The supply of personal protective equipment in Scotland is “much better” than before the pandemic and stocks are significantly higher, Nicola Sturgeon has said.
The First Minister faced questions on a report which found Scotland’s central stockpile of PPE ran “very low” in April 2020.
The Audit Scotland report also found the surge in PPE prices early in the pandemic cost the NHS £37.4m more than normal.
It repeated an earlier finding that the Scottish Government did not fully implement recommendations from pandemic preparedness exercises.
Scottish Labour leader Anas Sarwar raised the issue at First Minister’s Questions on Thursday.
He said: “You may not have run out of PPE on your spreadsheet, but it ran out in hospitals and our care settings.
“Ask the healthcare workers and they will tell you the truth.
“Today’s Audit Scotland report confirms that central stocks of PPE were so low at points they could have run out in eight hours.
“A lack of PPE had consequences, and devastating ones.

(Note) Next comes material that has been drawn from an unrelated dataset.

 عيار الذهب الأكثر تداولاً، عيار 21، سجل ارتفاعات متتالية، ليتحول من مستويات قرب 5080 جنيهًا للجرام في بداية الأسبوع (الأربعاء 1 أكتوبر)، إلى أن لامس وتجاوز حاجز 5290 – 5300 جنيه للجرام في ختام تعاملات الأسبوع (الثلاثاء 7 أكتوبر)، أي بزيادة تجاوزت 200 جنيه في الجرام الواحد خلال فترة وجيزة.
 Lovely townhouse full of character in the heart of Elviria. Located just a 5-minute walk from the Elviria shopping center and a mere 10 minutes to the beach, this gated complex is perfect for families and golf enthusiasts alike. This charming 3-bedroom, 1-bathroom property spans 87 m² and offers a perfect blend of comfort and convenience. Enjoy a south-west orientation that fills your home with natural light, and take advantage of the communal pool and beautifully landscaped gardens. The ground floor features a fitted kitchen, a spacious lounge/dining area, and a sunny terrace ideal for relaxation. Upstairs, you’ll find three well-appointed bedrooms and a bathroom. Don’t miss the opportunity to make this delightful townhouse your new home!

“It cost lives, in Scotland a sixth of all cases admitted to hospital in the first wave were healthcare workers or members of their household.

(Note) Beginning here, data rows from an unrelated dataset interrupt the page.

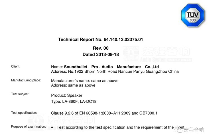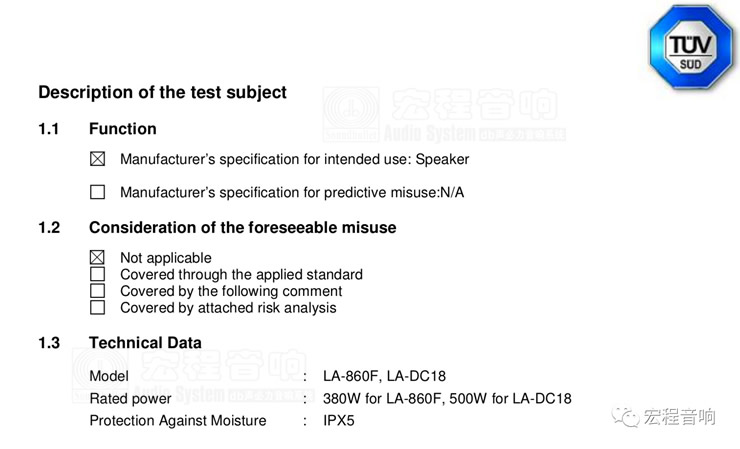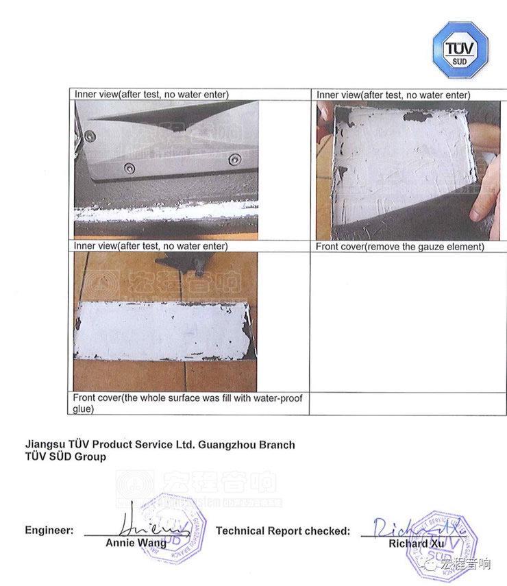对于防水认证,宏程音响只认TUV认证。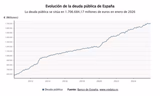 Respecto a las administraciones territoriales, la deuda de las comunidades autónomas fue de 338.543 millones de euros en enero de 2026, equivalente a un 20% del PIB, con una variación interanual del 1%, mientras que la deuda de las corporaciones locales se situó en 20.786 millones de euros en este mes (1,2% del PIB), un 9,2% inferior al importe registrado un año antes.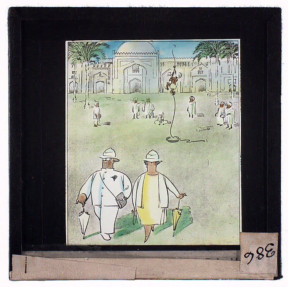Colour glass lantern slide of a sketch of a male and female tourist, with a rope climber and Indian scene in the background.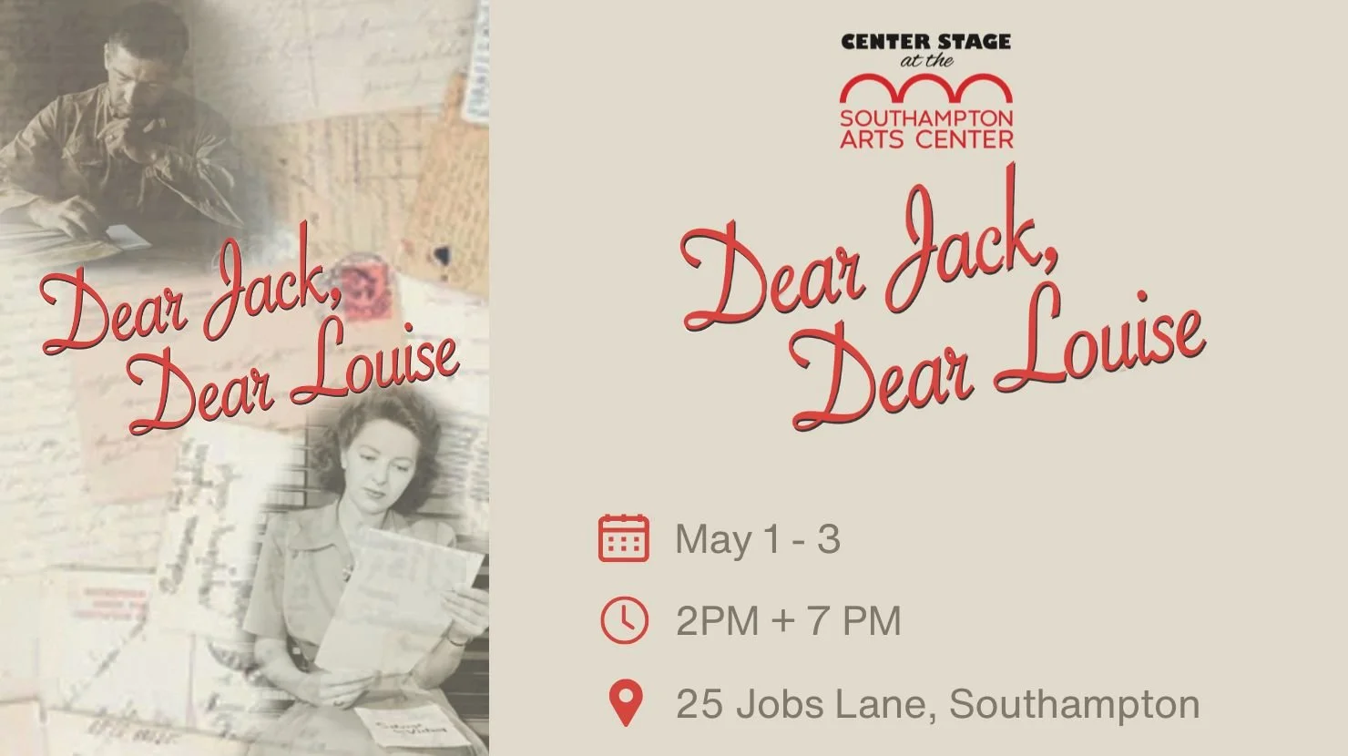Ken Ludwig’s Dear Jack, Dear Louise makes its Long Island debut at the Southampton Arts Center from May 1- 3, 2026. Starring Barbara Jo Howard and Jack Seabury, this intimate two-person play tells the true story of Ludwig’s parents, who fell in love through letters during World War II. What begins as a simple correspondence grows into a deeply moving romance shaped by distance, uncertainty, and hope.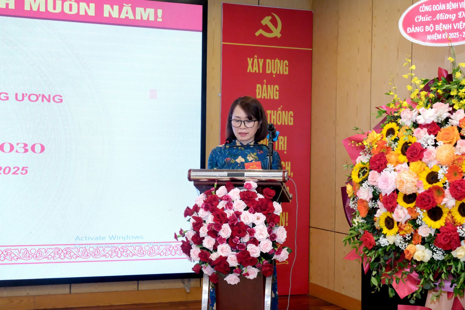 - Đã kiểm điểm, đánh giá sâu sắc kết quả thực hiện Nghị quyết Đại hội Đảng bộ nhiệm kỳ 2020-2025, xác định phương hướng, mục tiêu nhiệm kỳ 2025-2030, bầu BCH Đảng bộ Bệnh viện nhiệm kỳ 2025-2030 đủ số lượng, cơ cấu, đảm bảo tiêu chuẩn, phẩm chất và năng lực, thể hiện tính kế thừa, liên tục, tiêu biểu cho ý chí và nguyện vọng của Đảng bộ và cán bộ nhân viên. Tin tưởng rằng, các đồng chí được bầu vào Đảng ủy nhiệm kỳ này sẽ tiếp tục rèn luyện học tập, nâng cao trình độ, phấn đấu hoàn thành xuất sắc nhiệm vụ được giao.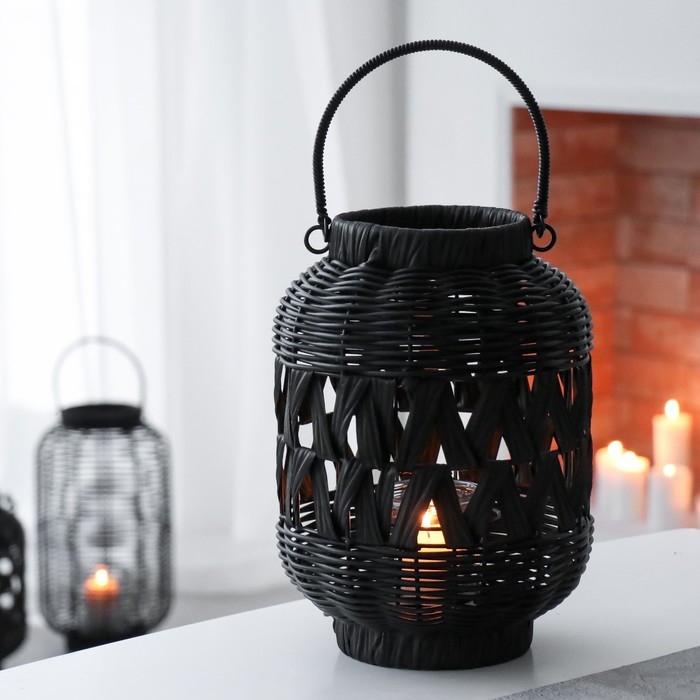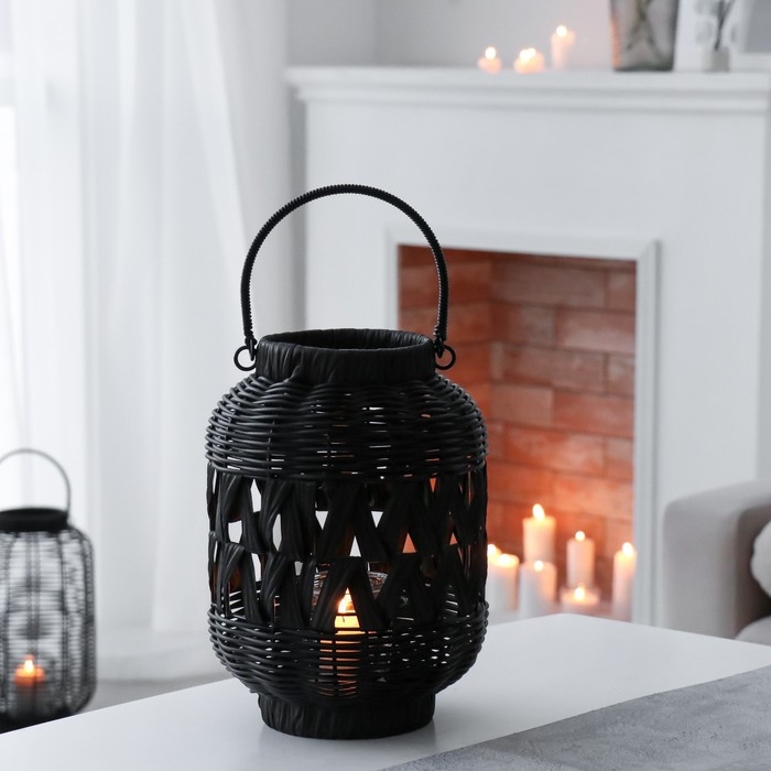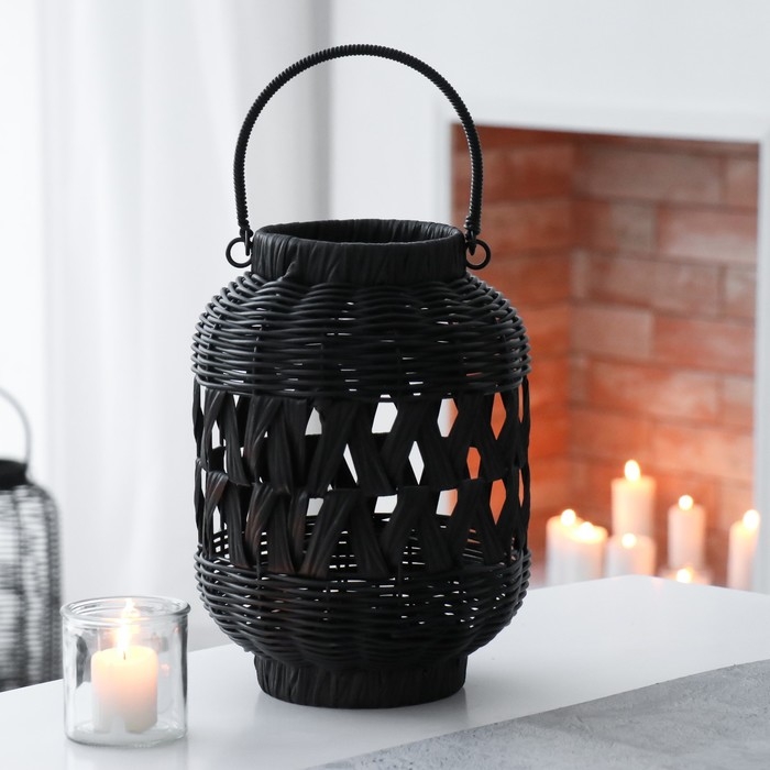 Подсвечник пластик "Фонарик. Корзинка" чёрный 30х21х21 см

“In total, 21 healthcare staff and 28 social care workers have tragically lost their lives to Covid-19 in Scotland.”
Sturgeon said she welcomes scrutiny into the government’s handling of the pandemic but she insisted warnings were not ignored.
She thanked those who “worked so hard to ensure that at no point Scotland ran out of PPE”, saying the auditor general had noted the Scottish Government and NHS had worked well together in challenging circumstances.
The First Minister said: “We worked hard – again reflected in this report – to make sure, often on same-day turnaround, that health boards across the country had supplies of PPE.
“Of course there’s a lot of learning already been done, and we now have domestic supply chains for PPE that are much better than before the pandemic.
“Before the pandemic, around 100% of all of our PPE was imported, now the majority of it is actually manufactured here in Scotland.
“We now have significantly higher stocks of PPE, hopefully we won’t need the same volumes in future.
“But every step of the way we have worked hard, which is reflected in the Audit Scotland report, reflected by the auditor general, to make sure that our staff had PPE and we will continue to do that each and every day.”